A 2006 mortgage case, the outcome of which was reaffirmed in a recent judgment, highlights the clash between two sets of legal principals confronting Malaysia’s court system.
A Malaysian court ruled that if an Islamic home mortgage is terminated prematurely, the lender cannot claim for the unaccrued instalments because they have not fallen due yet.
The loan was given based on a popular Islamic finance structure in Malaysia called bai bithaman ajil in which a bank first purchases a house before selling it to the client at a profit.
Islamic finance experts argue the civil court decision did not reflect the principles of the Islamic finance agreement, which created a contract from the outset where the customer has to repay the bank the entire sum, including the cost of the asset and the profit margin.
“This bai bithaman ajil concept is very heavily used in the housing loan market,” said Rasheed Khan, a lawyer. “The sooner this is resolved the better because otherwise it creates a bit of uncertainty.”
But reflecting the fractured nature of the Islamic finance market, the bai bithaman ajil structure is not used in the Middle East because it is viewed as too closely resembling interest-based financing.
WHAT SHOULD BE DONE?
Lawyers and academics have suggested Malaysia employ judges skilled in syariah banking law or create special courts to hear Islamic finance cases.
Some Islamic bankers suggest courts should be required to seek the guidance of Malaysian central bank syariah advisers when deciding Islamic finance matters. The central bank has not commented.
“Decisions of the civil court, however powerful they may be, must consider the fact that the underlying basis of the Islamic banking raison d’etre is to observe the syariah,” Ahmad Hidayat Buang, an Islamic law expert wrote in a law journal.
Even in the Middle East, where the legal system is much more sensitive to syariah, other issues arise.
In Saudi Arabia, which uses syariah as the only basis for its legal system, Islamic banking disputes are dealt with by a central bank panel, not a syariah court.
This was because of a view that the court may be expert in syariah, but judges are often not expert enough in banking, said Ayman Khaleq, a Dubai-based Islamic finance lawyer.
“Syariah knowledge alone is not the answer. Civil and commercial law knowledge is not the answer. A combination of the two is,” he said. - Reuters
Mana ahli Parlimen yang sepatutnya duduk berbincang membuat satu komiti pasal kekeliruan mahkamah sivil dalam urusan kewangan Islam seterusnya meningkatkan status mahkamah Syariah agar boleh mendengar kes-kes muamalah ?

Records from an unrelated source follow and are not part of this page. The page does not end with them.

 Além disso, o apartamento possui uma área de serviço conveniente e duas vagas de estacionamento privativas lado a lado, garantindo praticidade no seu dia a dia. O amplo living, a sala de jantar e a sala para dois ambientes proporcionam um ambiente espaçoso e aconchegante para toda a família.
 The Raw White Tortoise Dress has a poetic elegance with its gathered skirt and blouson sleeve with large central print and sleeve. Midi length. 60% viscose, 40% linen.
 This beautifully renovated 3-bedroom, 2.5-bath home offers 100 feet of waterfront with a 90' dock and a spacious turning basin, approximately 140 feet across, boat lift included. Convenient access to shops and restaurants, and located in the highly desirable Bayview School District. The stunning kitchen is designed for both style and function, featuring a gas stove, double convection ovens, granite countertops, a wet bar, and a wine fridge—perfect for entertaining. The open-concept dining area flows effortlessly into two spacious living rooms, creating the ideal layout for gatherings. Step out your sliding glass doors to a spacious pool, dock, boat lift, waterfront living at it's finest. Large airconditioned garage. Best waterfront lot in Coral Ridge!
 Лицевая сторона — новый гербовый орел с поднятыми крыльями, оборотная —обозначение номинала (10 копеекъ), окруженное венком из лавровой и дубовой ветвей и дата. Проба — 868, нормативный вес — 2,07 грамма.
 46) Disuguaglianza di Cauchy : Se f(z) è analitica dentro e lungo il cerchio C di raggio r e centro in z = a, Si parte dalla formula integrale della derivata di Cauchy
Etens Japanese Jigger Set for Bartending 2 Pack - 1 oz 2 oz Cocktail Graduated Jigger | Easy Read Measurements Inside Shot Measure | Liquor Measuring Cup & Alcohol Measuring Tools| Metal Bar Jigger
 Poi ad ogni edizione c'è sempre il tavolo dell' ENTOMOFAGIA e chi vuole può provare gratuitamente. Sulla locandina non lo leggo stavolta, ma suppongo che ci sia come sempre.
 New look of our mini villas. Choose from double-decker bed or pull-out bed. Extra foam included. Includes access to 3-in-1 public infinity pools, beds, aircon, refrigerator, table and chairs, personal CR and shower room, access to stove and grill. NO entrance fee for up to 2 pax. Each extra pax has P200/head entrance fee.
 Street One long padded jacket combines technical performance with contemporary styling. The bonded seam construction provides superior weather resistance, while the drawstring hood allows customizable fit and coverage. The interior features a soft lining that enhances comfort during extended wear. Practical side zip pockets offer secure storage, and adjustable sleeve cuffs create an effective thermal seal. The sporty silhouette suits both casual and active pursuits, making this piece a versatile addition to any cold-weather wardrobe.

Oh. Benda ini terlaku teknikal. Biarlah "pakar" yang buat.
Masalahnya, "pakar" tersebut tidak ada kuasa untuk mengubah. Dia hanya boleh bagi nasihat dan cadangan kepada kerajaan atau pihak yang berkenaan.
Ahli Parlimen lah yang boleh menggesa orang kerajaan (eksekutif) untuk perbetulkan keadaan dan seterusnya membolehkan orang kehakiman menjalankan kerja mereka pula.
Inilah hal ehwal kerajaan (eksekutif, perundangan kehakiman) Malaysia.
Tidak tahu buat kerja sendiri dan suka campur kerja orang lain.
Kita perlukan ramai orang macam almarhum Prof Tan Sri Ahmad Ibrahim. Buat kerja sahaja dan tak perlu berpolitik sangat macam sesetengah pihak dalam isu Islam (macam hudud) dan tahu-tahu dia dah berjaya lobi kerajaan untuk pinda Artikel 121 (1A) untuk meningkatkan status mahkamah syariah.